Храп, крики и блатняк, но утром я отомстил всем тихо и эффективно: вся семья мешала спать в поезде
Поездка в поезде - всегда лотерея. Иногда тебе достаётся тишина, чай из старинного термоса и сосед, который читает Пастернака. А иногда - семья, для которой вагон становится сценой, а ночь - поводом для концерта.
В тот вечер всё начиналось спокойно. Купе - полупустое, проводница - невозмутимая, как статуя в музее, чайник на столике булькал с ленивой интонацией провинциального учителя. Казалось, ночь пройдёт в духе старого доброго русского реализма: без драмы, но с лёгкой скукой.
Но за стенкой, в соседнем купе, уже разворачивалась совсем другая драма - не Чехова, а скорее Кафки. С элементами шансона, детского визга и безудержной энергии, не знающей границ времени и пространства.
Семья как стихийное бедствие
Купе напротив заняла троица, которая, казалось, прибыла не на отдых, а на съёмки реалити-шоу «Семейный хаос». Отец - в майке с надписью «Отдыхаю с душой», будто это оправдание всему, что последует. Мать - в тапочках с пумой и взглядом, способным расплавить стекло. И ребёнок - не просто ребёнок, а живой ураган по имени Вадик, не знающий ни пауз, ни усталости, ни понятия «тихо».
- А давай я прыгну!
- Да попей уже воды, Вадик!
- Включи музыку, Славик, спать не хочется!

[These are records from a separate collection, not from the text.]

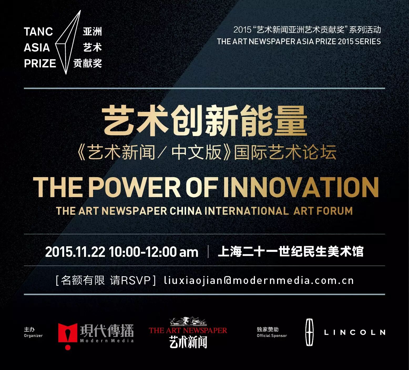 2015“艺术新闻亚洲艺术贡献奖”系列活动将于11月22日(周日)于上海二十一世纪民生美术馆举行,具体安排如下:
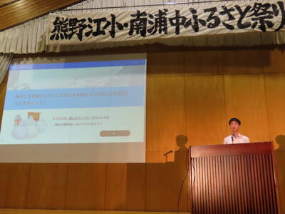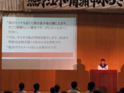 〇熊野江小・南浦中合同ふるさと祭りを行いました。和太鼓から始まり、英語暗唱弁論・小学校音楽発表・中学校リサーチ発表・中学校合唱合奏・中学校ビブリオバトル・小学校創立150周年記念発表と工夫を凝らした内容でした。また、展示も内容も素晴らしく、特に校長先生のジオラマ(若戸大橋)は参観者の目を引くものでした。閉会後は、参観の記念として、小学校作成の「しおり」・中学校作「絵はがき」をプレゼントしました。
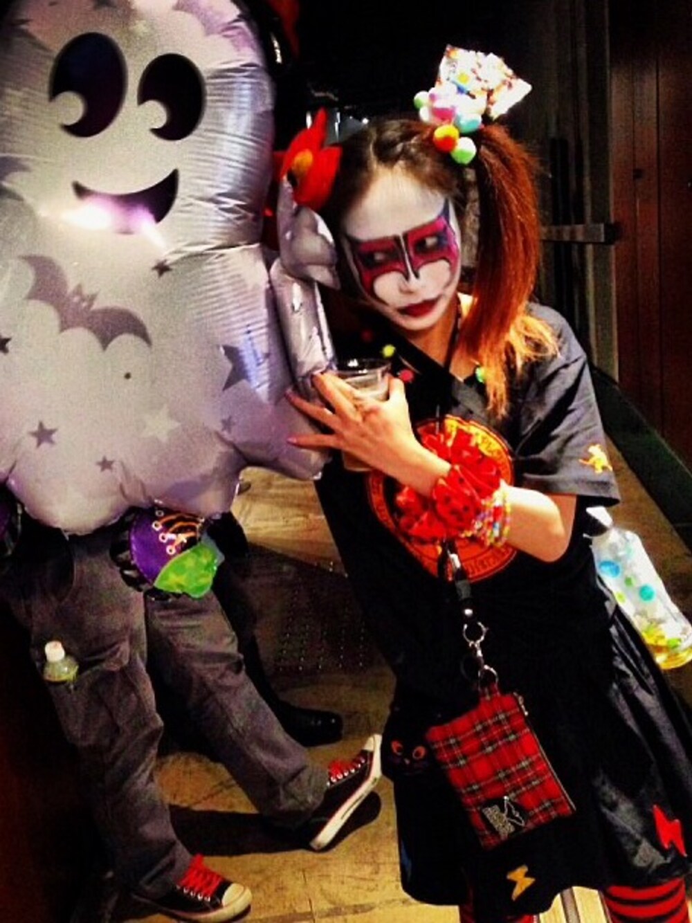 去年のハロウィン。 赤坂ブリッツに行った時の。 一昨年のゾンビは探したけど画像が見つからなかったのでやめた。 ほんとは衣装を作る予定でデザイン画まで書いてたんだけど時間なすぎてできなくてイベントTにボンボンいっぱい縫い付けてスカートにフエルト貼り付けた! いちばん頑張ったのはお菓子の髪飾り! お菓子をとにかく固めただけだけどバランスとかハートの飾りと組み合わせるのとか意外と時間かかりました。。。 他にもいろいろ付けてるんだけどな。。 ハロウィン今年も仮装する予定☆
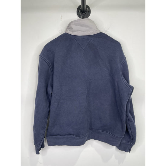 The Vintage 90's Tommy Hilfiger Authentic Sailing Gear USA/085 Half Zip Jacket in size L is a stylish and nostalgic piece perfect for men looking for a casual yet unique outerwear option. Made with nylon outer shell material and lined with cozy cotton fleece, this jacket features a patriotic flag pattern in blue and yellow, accented with the iconic Tommy Hilfiger logo. With a half zip closure, collared neckline, and elastic waist, this jacket combines retro style with practical features, making it a standout addition to any wardrobe.
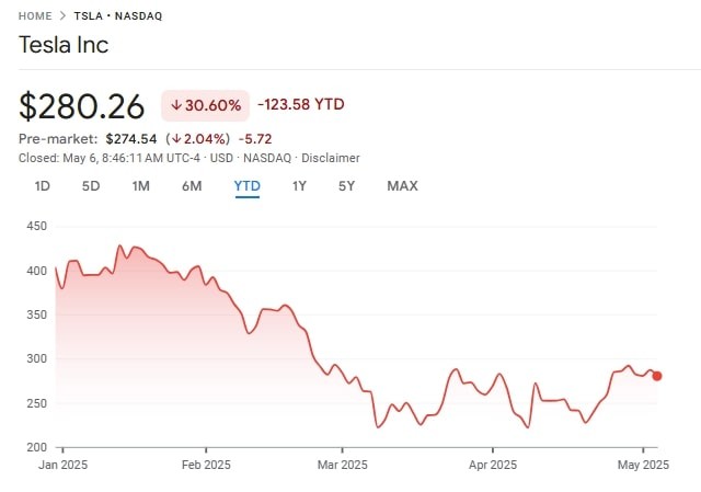 Take, for instance, Tesla stock, which is down by more than 30% in the year due to concerns over declining sales, increased competition, and CEO Elon Musk’s political engagements.
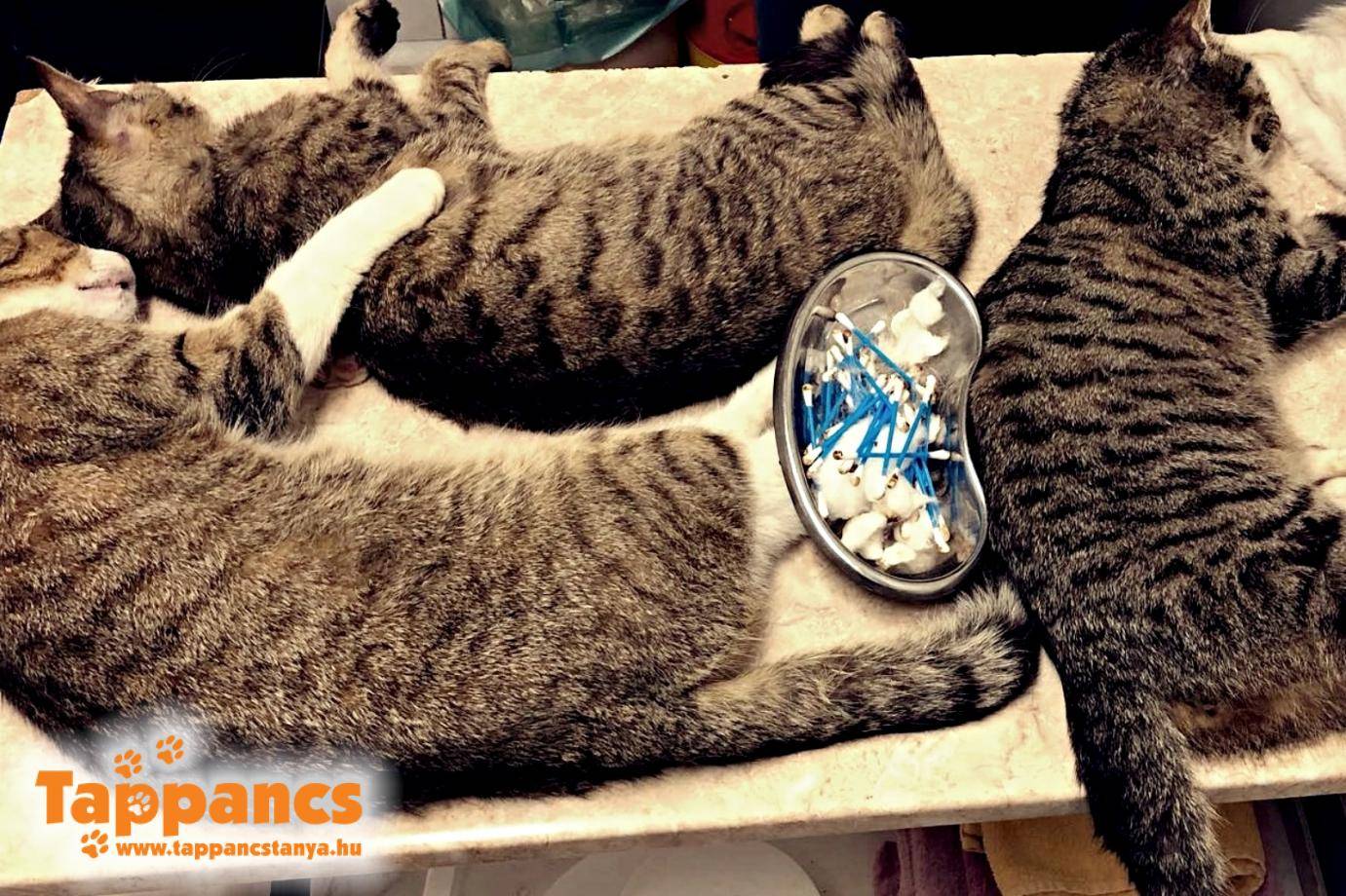 Április végéig tehát 14 nőstény és 9 kandúr műtétje történt meg a két kolóniából összesen.

К десяти вечера Вадик окончательно превратил вагон в арену. Он прыгал с верхней полки на нижнюю, с нижней - на пол, с пола - обратно, будто искал не игрушку, а священный артефакт под названием «Самая скрипучая доска в России». И, увы, нашёл.
Терпение соседа - то есть героя этой истории - лопнуло. Он вышел из полумрака своего купе, как призрак совести, и вежливо, но твёрдо попросил потише.
Отец ответил с таким выражением лица, будто его только что попросили отказаться от родины и сдать паспорт.
- Сейчас уже, сейчас. Уложим, - бросил он, как будто речь шла не о ребёнке, а о диком звере, пойманном в лесу.
Ночь, которая не кончалась
«Уложили» - но не утихомирили. К полуночи в купе напротив начался концерт. Блатные песни о тюрьме, долге и «честных пацанах» лились из динамика с такой громкостью, будто певец стоял прямо в коридоре. Свет включался и выключался каждые двадцать минут - мама Вадика то и дело вспоминала, что хочет пить, и хруст пластиковой бутылки звучал как последнее предупреждение перед апокалипсисом.
К двум часам ночи герой лежал с открытыми глазами, глядя в потолок, но видя не обои, а своё будущее: усталость, раздражение и - главное - лёгкую, но неотвратимую жажду мести.
Он знал: его поезд прибывает в пять утра. А эта семья едет дальше. Значит, они будут спать.
О, как они будут спать.
Утро мести: тихое, но беспощадное
В 4:20 он поднялся. Не с грохотом, не с криком - а тихо, почти монашески. Включил свет - не резкий, но назойливый. Заварил чай, откупорив термос с таким звуком, будто выпускал на волю годами сдерживаемый крик. Затем достал печенье. Медленно. С шуршанием упаковки, с хрустом крошек, с театральной паузой между каждым движением.
Музыку включил негромко - чтобы не потревожить других пассажиров. Но достаточно громко, чтобы в соседнем купе начали шевелиться. Сначала отец заворочался и что-то пробурчал. Потом мать приподнялась, уставившись на него с таким выражением, будто он - старинный радиоприёмник, вдруг заигравший в три часа ночи.
- Извините, не спится, - сказал он с вежливой улыбкой. - А чай, знаете ли, лучше заходит под утро.
Они промолчали. Только Вадик, по-прежнему спящий где-то между мирами, слабо застонал во сне - возможно, единственный, кто искренне не понимал, за что всё это.
Тихая победа
Поезд опоздал на час. Герой спокойно сидел, читал газету, пил чай и слушал свой утренний плейлист: Бах, немного джаза, шорох бумаги и хруст упаковки. Он не отводил глаз от соседнего купе, пока не наступило время выходить.
Собирая вещи, он бросил взгляд на семью. Их лица были помяты, как простыни после бессонной ночи. Усталость сидела в них глубоко - как голуби в карнизах старого вокзала: привычно, навсегда.
- Всего доброго, - сказал он, уже стоя в дверях. - Хорошей дороги. И… поменьше музыки на ночь. Вредит сну.
Он вышел на перрон с чемоданом в руке, недосыпом в глазах и странным, почти торжественным чувством. Это была не злость. Это была справедливость - тихая, личная, без свидетелей.
Он проиграл ночь. Но выиграл утро. И, возможно, даже немного - саму себя.